Trump now says he accepts U.S. findings on meddling.
WASHINGTON — President Trump said on Tuesday that he had misspoken a day earlier in Helsinki when he appeared to take the word of Russian President Vladimir Putin over the conclusion of his own intelligence agencies on Russian election meddling in 2016. On Tuesday, Trump said he “accepts” those findings.
Trump said the misunderstanding arose from his use of a “double negative.”
“The sentence should have been ‘I don’t see any reason why it wouldn’t be Russia,’ sort of a double negative,” he said. “So you can put that in and I think that probably clarifies things pretty good by itself. I have on numerous occasions noted our intelligence findings that Russians attempted to interfere in our elections.”

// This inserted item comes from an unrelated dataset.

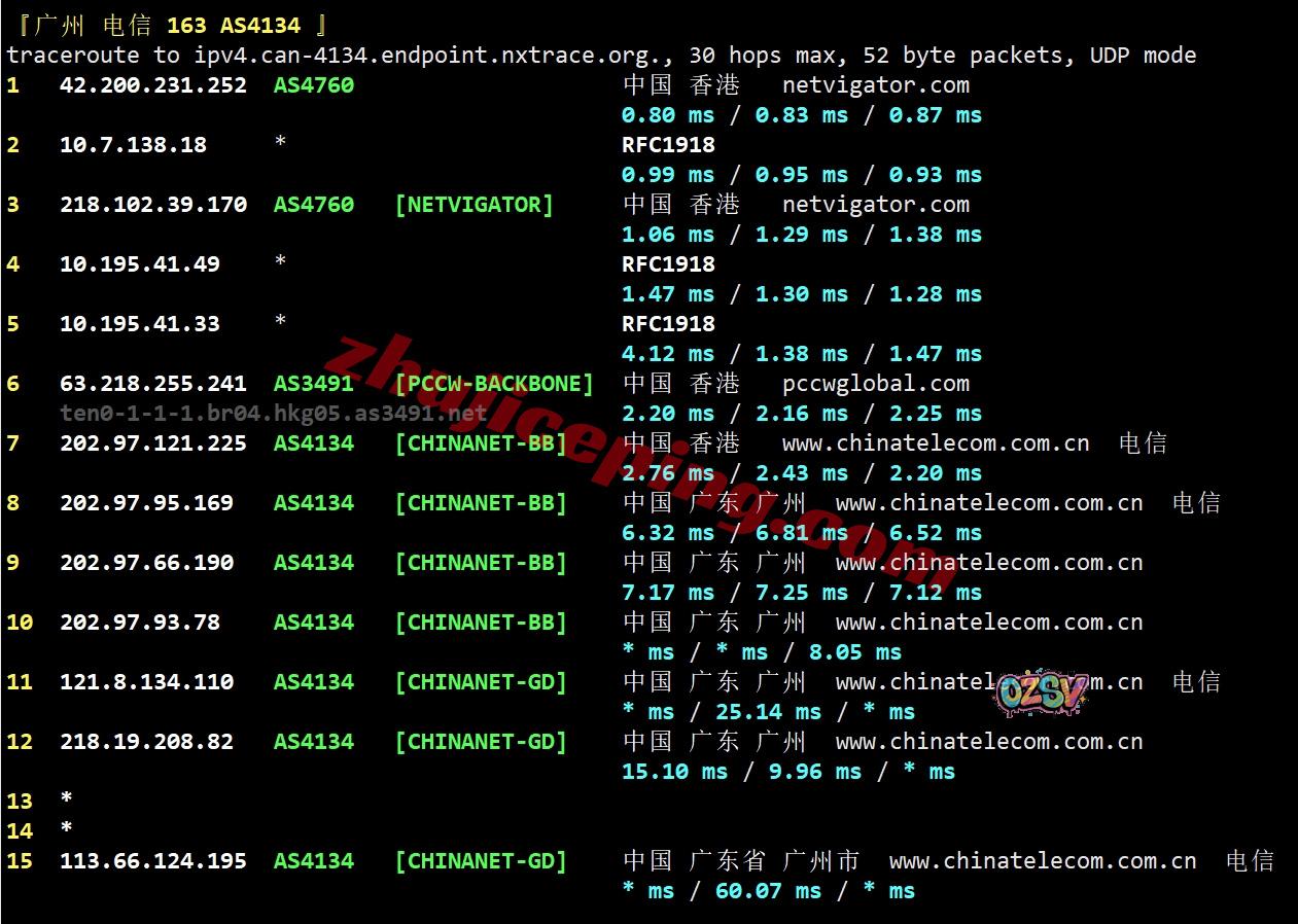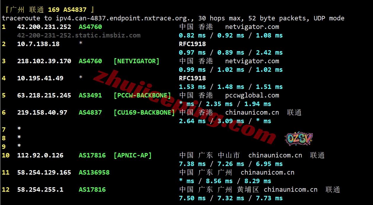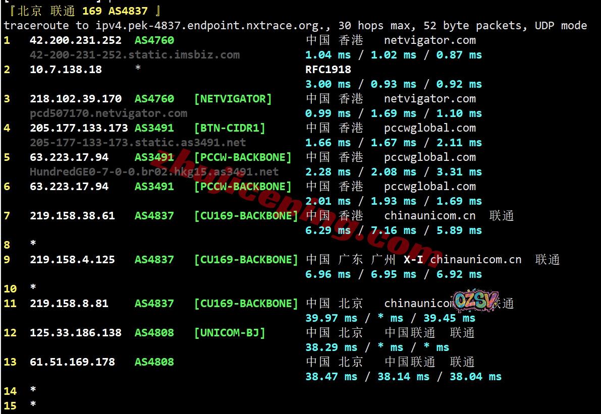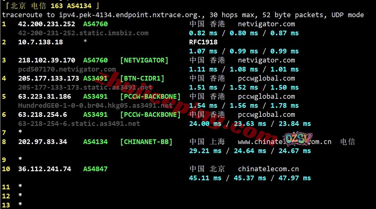 三网回程:都是PCCW出来接运营商在香港的pop后直接回内地骨干网;

Trump had been criticized even by many in his own party for rejecting the assessments of U.S. intelligence and law enforcement. In walking back those remarks on Tuesday, Trump said he reviewed the transcript from the joint news conference on Monday and he “realized that there is a need for clarification.”
Trump emerged from talks with Putin on Monday and publicly challenged the conclusion of his own intelligence agencies about Russia’s interference in the 2016 presidential election and said the Russian president was “extremely strong and powerful in his denial.” Trump also said that he saw no reason why Russia would have been behind the election hacking.
“My people came to me, Dan Coats came to me and some others, they said they think it’s Russia,” Trump said, referring to the director of national intelligence. “I have President Putin; he just said it’s not Russia. I will say this: I don’t see any reason why it would be.”
On Tuesday, Trump said, “In a key sentence in my remarks, I said the word ‘would’ instead of ‘wouldn’t.’”
The president also said, “I have full faith in our intelligence agencies.”